1) As @mjqxxxx stated, when we integrate along a semicircle in one of the half-planes, upper or lower, we want to ensure that the resulting integral over the semicircle is at least bounded. Note that $|\sin{z}| = \sinh{y}$ along the imaginary axis i.e., $z=iy$ so that any integral over the semicircle is unbound as $|z| \to \infty$. However, we know that $\sin{x} = \operatorname{Im}{(e^{ix})}$, and, if we are in the upper half-plane, then $e^{iz} = e^{-y}$ which certainly vanishes. In fact, we may show that the integral along the whole semicircular arc vanishes by using the nifty inequality $\sin{x} \ge 2 x/\pi$ when $x \in [0,\pi/2]$. Along the semicircle, $z=R e^{i\theta}$ and we get as the integral over the semicircle in the upper half plane,
$$R \int_0^{\pi} d\theta \, e^{i\theta} \, \frac{e^{i R e^{i\theta}}}{R e^{i\theta} \left ( 1+R^2 e^{i 2\theta} \right )} $$
The magnitude of this integral is bounded by
$$\frac{2}{R^2-1} \int_0^{\pi/2} d\theta \, e^{-R \sin{\theta}} \le \frac{2}{R^2-1} \int_0^{\pi/2} d\theta \, e^{-2 R \theta/\pi} \le \frac{\pi}{R (R^2-1)}$$
Note that
$$|e^{i R e^{i\theta}}| = e^{-R \sin{\theta}}$$
2) We extend over the entire circle or real line because that is how we generate closed contours for the residue theorem (or Cauchy's theorem). In this case, symmetry of the integrand was used to an advantage to express the original integral as $1/2$ (or some other fraction) of an integral which is a section of a closed contour we would use for the residue theorem. Really, you get used to doing this.

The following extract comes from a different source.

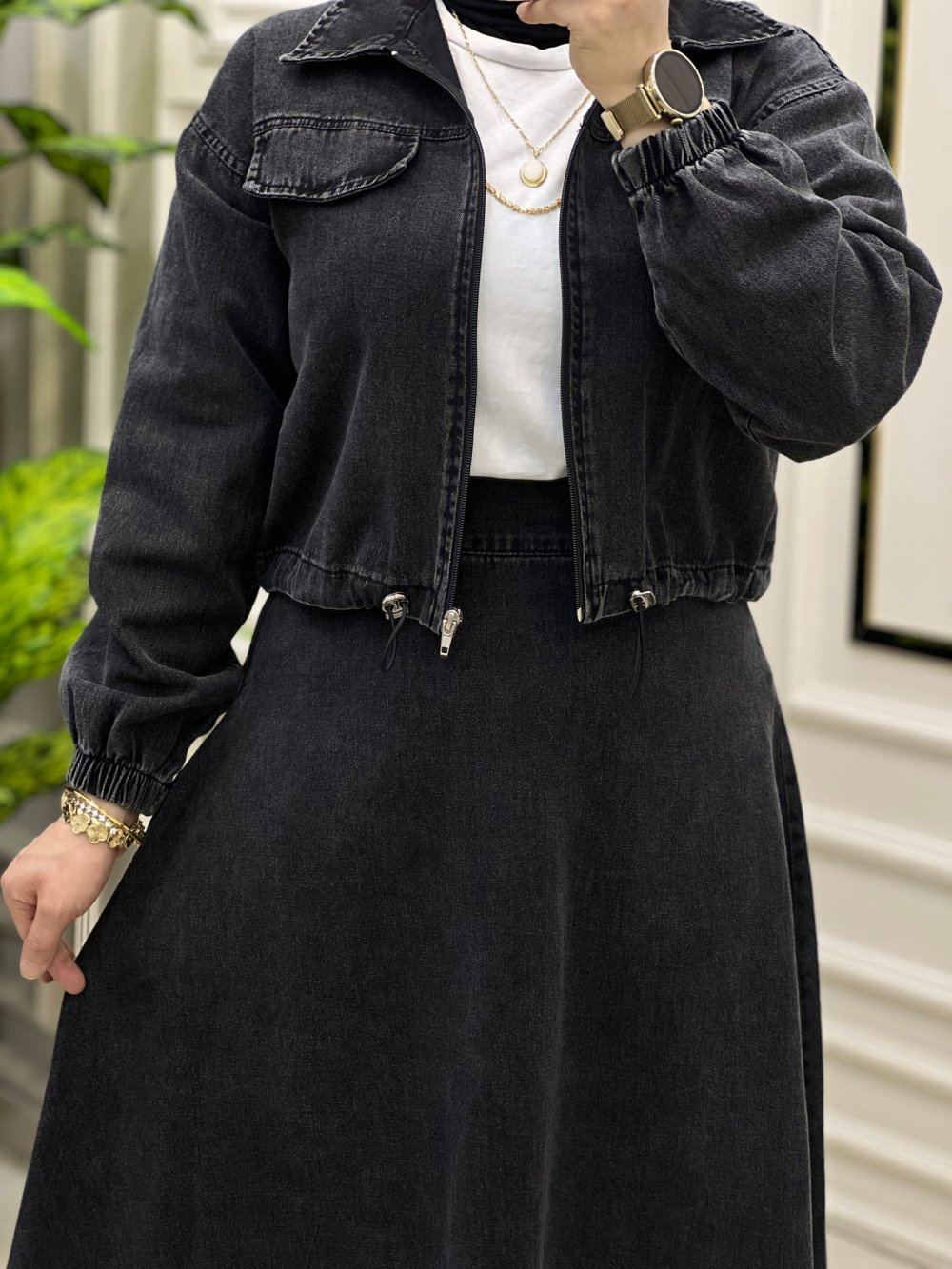 Kot Etek Ceket Takım Stil takım kod.13168 Ceket Beli lastikli Fiyat kargo ücretsiz Beden 38 40 42 44 Kumaş Türü:yumuşak kot Ceket boy: 45 cm Etek boy: 93.95 Etek beli fermuarlı

There is a cautionary aspect to this, however. Consider the integral
$$\int_0^{\infty} dx \frac{x^2}{1+x^8} $$
Now we could just extend over the entire real axis. Then we could consider the semicircular contour as before, noting that the integral over the arc vanishes and we may then proceed with applying the residue theorem to determine the value of the integral. Nothing wrong with this...except you need to add up residues from four poles in the upper half plane. It turns out that, with a different contour, you need only one residue from a single pole. That would be a wedge contour of angle $\pi/4$ with respect to the positive real axis. The integral about the wedge looks like
$$\int_0^R dx \frac{x^2}{1+x^8} + R \int_0^{\pi/4} d\theta \, e^{i \theta} \frac{R^2 e^{i 2 \theta}}{1+R^8 e^{i 8 \theta}} + e^{i \pi/4} \int_R^0 dt \, \frac{e^{i \pi/2} t^2}{1+e^{i 2 \pi} t^8}$$
It should be clear that the second integral vanishes as $R \to \infty$. Thus, the contour integral is equal to
$$\left ( 1-e^{i 3 \pi/4} \right ) \int_0^{\infty} dx \frac{x^2}{1+x^8}$$
which, by the residue theorem, is $i 2 \pi$ times the residue at the pole $z=e^{i \pi/8}$.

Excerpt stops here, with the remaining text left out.